Brophy returned to Australia as Senior Anaesthetist in the Kenneth G Jamieson Neurosurgical Unit of the Royal Brisbane Hospital from 1957 to 1991 and pursued changes in the use of anaesthesia. She was Senior Honorary Anaesthetist at Mater Children's Hospital from 1958 to 1973.

In 1961, Brophy and colleague Roger Bennett, demonstrated resuscitation techniques for use in surf lifesaving CPR. Their recommendations led to changes in rescue services and improved survival rates. Their work with the surf lifesaving association ultimately led to the signs required by all modern backyard and public pools, showing basic cardio pulmonary resuscitation, in conjunction with work by the Australian Resuscitation Council.
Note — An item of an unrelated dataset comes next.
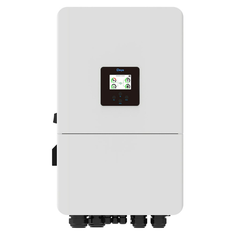 Deye SUN-20K-SG05LP3-EU-SM2 - трехфазный гибридный инвертор мощностью 20 кВт, сочетающий функции инвертора, солнечного зарядного устройства и контроллера аккумуляторов. Устройство поддерживает работу как от сети, так и в автономном режиме.
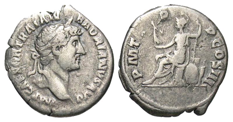 Lot 37-187. Hadrian. A.D. 117-138. AR denarius. Rome mint, Struck A.D. 119-125.

After Roger Bennett's death in 1967 due to cancer, Brophy took up the challenging issue of pain management, but continued her commitment to surf lifesaving as their medical adviser for 30 years. She also advised the Queensland Electricity Commission's Safety Advisory Board from 1976 to 1987 on appropriate rescue and resuscitation techniques, for workers out in the field.
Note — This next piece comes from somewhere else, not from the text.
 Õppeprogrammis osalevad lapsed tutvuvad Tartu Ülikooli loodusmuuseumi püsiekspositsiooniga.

Brophy was made Director of the Multidisciplinary Pain Centre which she established at the Royal Brisbane Hospital in 1967, the second centre of its kind in Australia. It was renamed for her in 2008. She also served as a Consultant Anaesthetist and Army Officer Colonel (Retired) in the Royal Australian Army Medical Corps from 1977 to 1986. She was Professor of Anaesthetics at the University of Queensland from 1978 to 1993.
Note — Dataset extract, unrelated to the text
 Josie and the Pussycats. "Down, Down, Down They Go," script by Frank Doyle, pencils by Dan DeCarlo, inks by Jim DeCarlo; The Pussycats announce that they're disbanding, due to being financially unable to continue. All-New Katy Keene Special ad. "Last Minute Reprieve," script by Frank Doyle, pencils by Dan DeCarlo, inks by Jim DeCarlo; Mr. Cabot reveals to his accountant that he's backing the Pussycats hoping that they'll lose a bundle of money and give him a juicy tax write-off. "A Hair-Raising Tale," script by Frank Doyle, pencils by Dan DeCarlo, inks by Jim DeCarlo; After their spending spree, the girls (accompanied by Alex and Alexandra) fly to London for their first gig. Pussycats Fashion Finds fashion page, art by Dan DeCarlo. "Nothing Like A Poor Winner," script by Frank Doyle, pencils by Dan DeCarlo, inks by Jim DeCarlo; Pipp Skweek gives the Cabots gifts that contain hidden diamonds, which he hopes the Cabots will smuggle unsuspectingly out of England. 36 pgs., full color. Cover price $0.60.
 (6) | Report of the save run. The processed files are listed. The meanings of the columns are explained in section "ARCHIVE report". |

Brophy was a founding member of the Brisbane branch of the Order of Malta in 1974. This organization oversaw work in health and education projects in Timor Leste, the Mt Sion Eye Project in Papua New Guinea and for Mount Olivet Hospice Home Care Service in Brisbane.

== Awards ==
Source:
- 1967 Gilbert Brown Prize
- 1977 Officer of the Order of the British Empire (OBE)
- 1979 Dame Magistral Grace Sovereign, Military Order of St John of Jerusalem, Rhodes and Malta
- 1982 Gold Medal from the Faculty of Anaesthetists of the Royal Australian College of Surgeons
- 1986 Advance Australia Award
- 1987 Orton Medal from the Faculty of Anaesthetists, Royal Australian College of Surgeons (RACS)
- 1991 Officer of the Order of Australia (AO)
- 1992 Red Cross Long Service Award
- 1994 Distinguished Service Award, Australian Red Cross
- AMA Women in Medicine Award
- Distinguished Member Award of the Australian Pain Society
- Honorary Fellowship of the Australian Chapter of Palliative Medicine
- Doctor of Medicine Honoris Causa from the University of Queensland
- Doctor of the University from the Australian Catholic University

== Memberships ==
Source:
- 1978–1981 Member of the Anti-Cancer Council of Queensland
- 1981 President of the Australian Medical Association, Queensland
- 1991–1995 Member of the Royal Brisbane Hospital Foundation
- 1992–1996 Member of the Senate of the Australian Catholic University
- Honorary Life Member of Surf Lifesaving Queensland and Surf Lifesaving Australia

== Personal life ==
Brophy married widower Dr Humphry Cramond in Brisbane, in 1985. Brophy and Cramond had known one another since their days as medical students. Cramond, whose practice was in Dalby moved to Brisbane where his wife's work was focused. Brophy took her husband's surname after their marriage.

Cramond died on 26 December 2015. Her service was held at St Stephens Cathedral in Brisbane. Her husband Humphry predeceased her in 2014. She is buried beside her husband at Nudgee Cemetery. She was survived by her nieces, nephew and stepchildren.